Ransel puluhan kilogram tidak mencegah saya berlari kencang menyusuri lorong dermaga. Suara mesin kapal yang menderu memantik insting pejalan jauh ini. Ilham, nelayan muda sebaya yang berdiri di atas dek kapal motor itu, terlihat sibuk melepaskan ikatan di tonggak dermaga.
“Balik kampung? Derawan? Boleh numpang?” terbata-bata saya bertanya. Sulit menyusun kalimat Bahasa Indonesia yang komprehensif dengan napas tersengal-sengal seperti ini.
Ini Tanjung Batu, dusun terakhir di ujung daratan Kalimantan Timur.
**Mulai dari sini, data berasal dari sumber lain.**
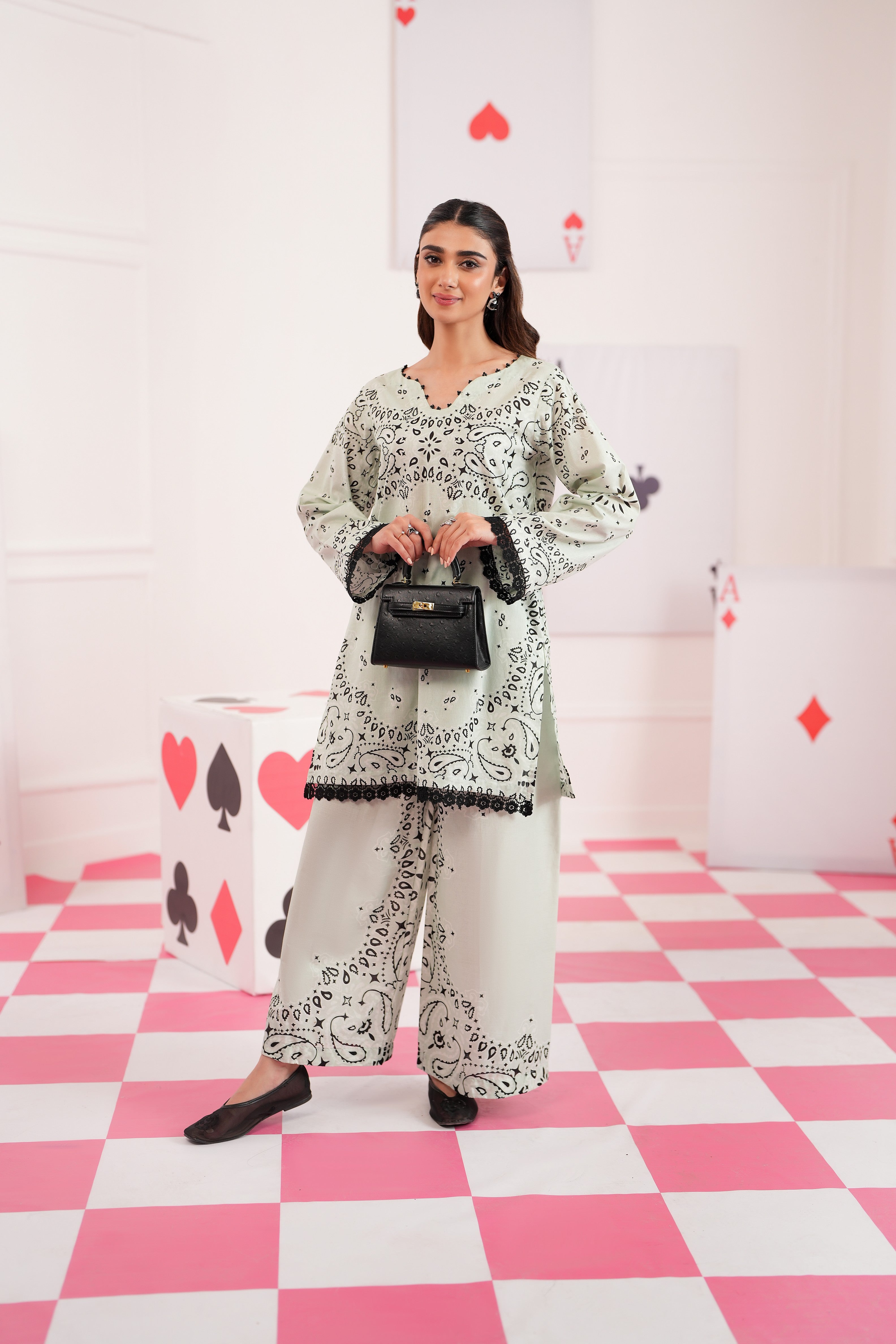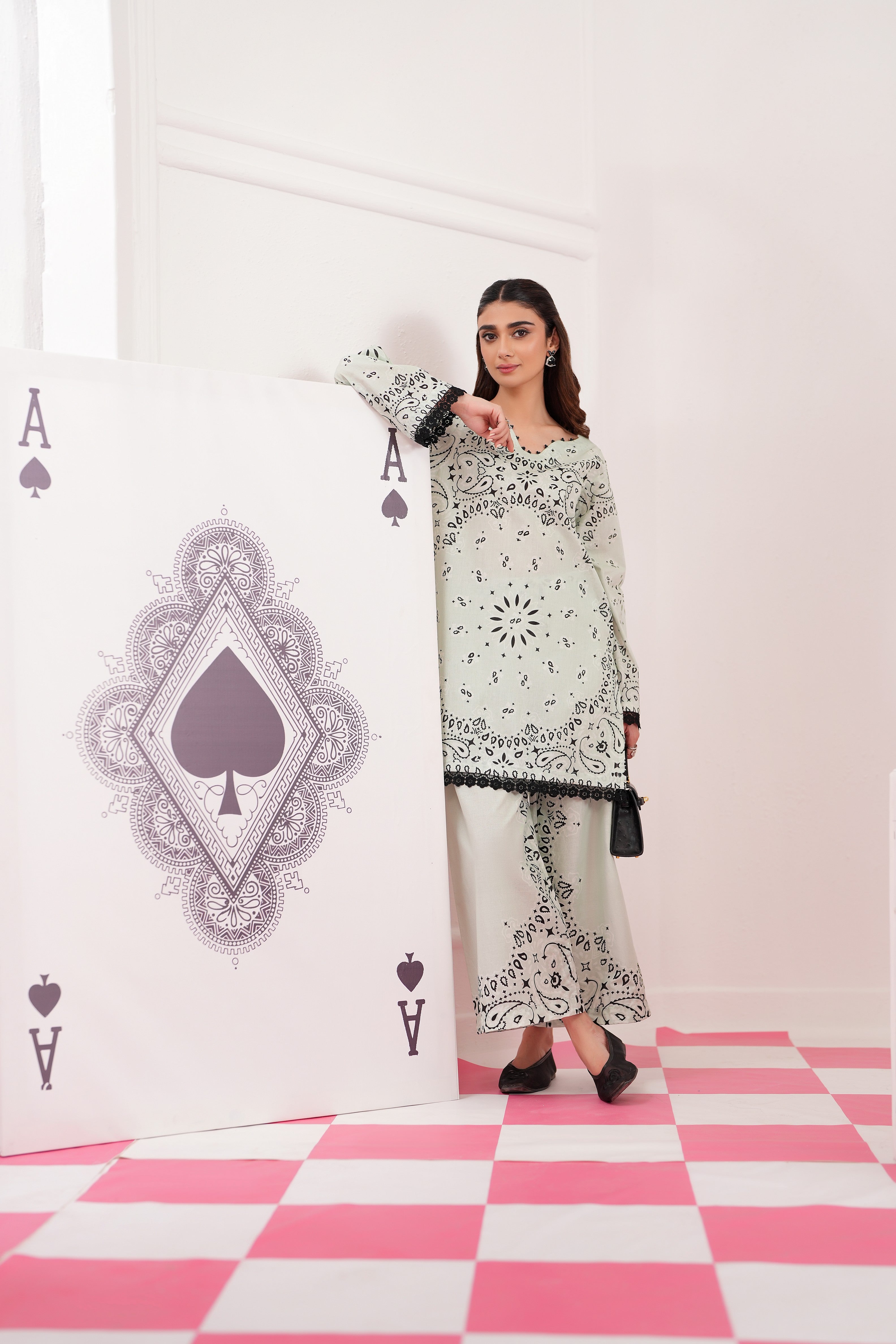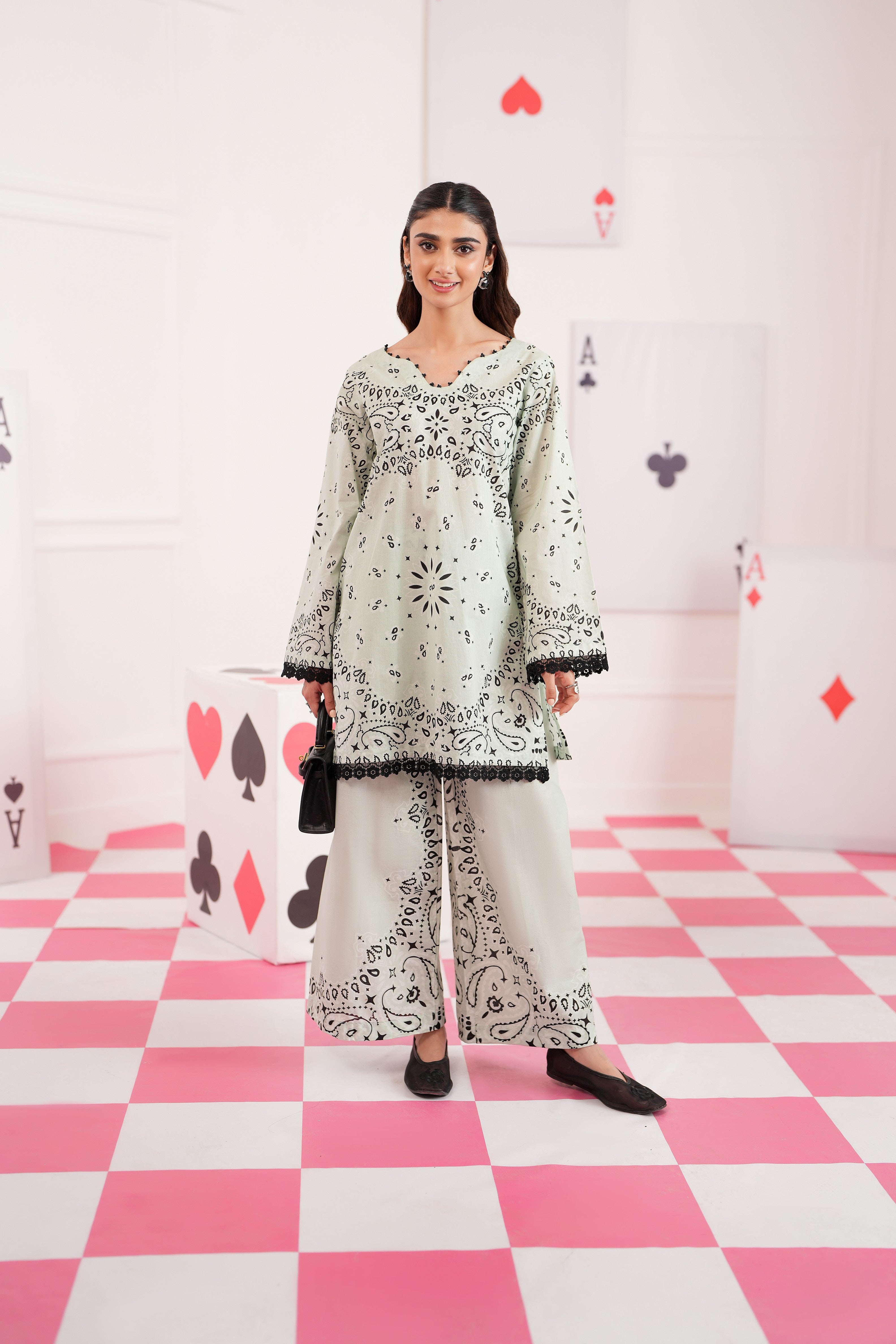 Summary: Embrace effortless elegance with the Regalia Cocoon Basic Pret Co-Ord set. This stunning Pakistani suit features a shirt and trouser in a serene Sea Green hue. Crafted from premium lawn fabric, this outfit is lightweight and breathable, making it an ideal choice for the Spring/Summer season. The kameez is adorned with a distinctive black print and finished with delicate lace trim on the sleeves and hemline, adding a touch of sophistication. As a versatile piece of ethnic wear, this co-ord set is perfect for daily wear and casual outings, offering a blend of comfort and contemporary style.
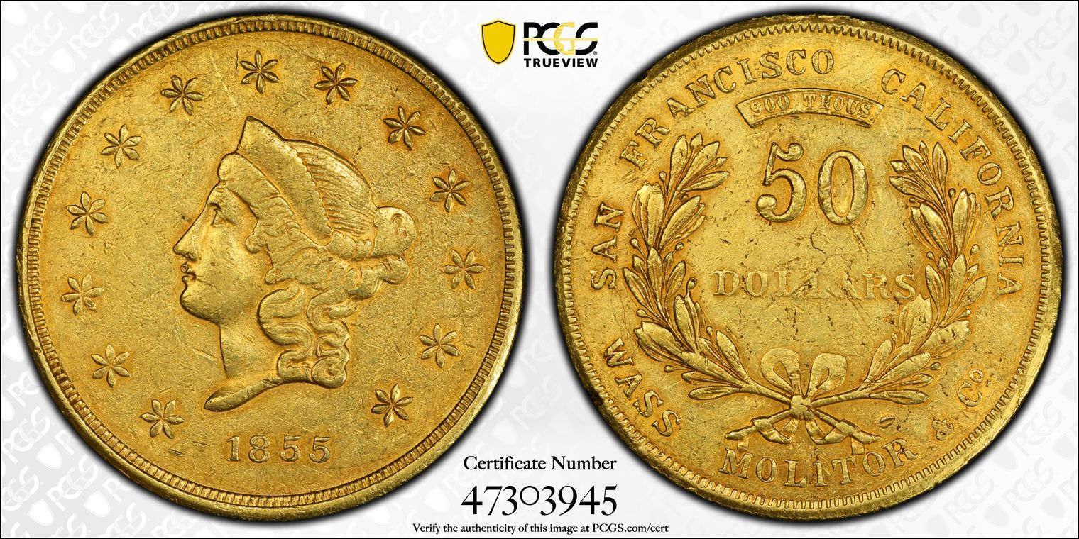1855 $50 Wass, Molitor & Co. AU53
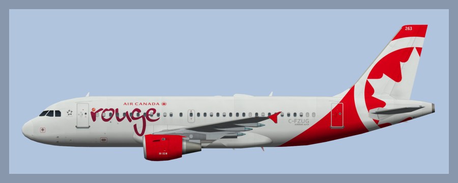 Paints for the FAIB Airbus A319 model in Air Canada Rouge livery.
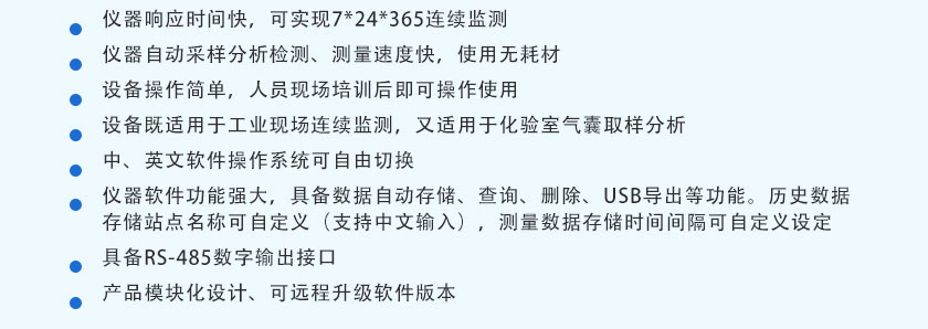 (7)仪器响应时间快,可实现7*24*365连续监测
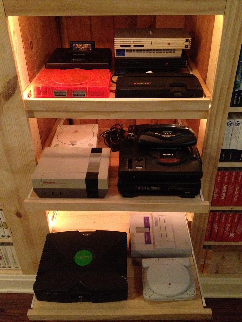 Newly re-kajiggered wall (gaps are intentionally left open for games on hand which need to have covers made).

Di seberang sana, Taman Nasional Derawan dan Sangalaki, sebuah surga tropis yang jaraknya hanya selemparan celana dalam. Setiap sore pukul lima biasanya ada beberapa nelayan yang kembali ke kampung Derawan setelah mengisi logistik di daratan Kalimantan. Memanfaatkan informasi seadanya ini, saya berkenalan dengan Ilham.
Ilham mengantar saya ke Derawan cuma-cuma. Meskipun hanya mendapatkan tempat duduk yang cukup untuk setengah pantat, saya berhasil tiba di Derawan tanpa mengeluarkan satu rupiah pun. Tiga puluh menit perjalanan menerobos lautan yang tenang, dipungkas dengan perhentian di cerocok lapuk.
Derawan desa yang makmur. Hampir semua penduduknya mempunyai pekerjaan, entah sebagai nelayan atau pemilik penginapan dan restoran. Tidak mengherankan, sebab sejak diliputnya Derawan di sejumlah media beberapa tahun silam, popularitas surga tropis ini meroket luar biasa. Bukan hanya mendongkrak popularitas kampung, namun juga membuka mata pencaharian baru bagi warganya.
“Kamu bisa menginap di tempat Haji Ismail,” saran Ilham merekomendasikan salah satu penginapan di pulau kecil itu. Murah, katanya, tidak sampai seratus ribu rupiah semalam.
Langit sudah nyaris gelap, fokus pertama saya hanya satu, menuju ke tempat Haji Ismail.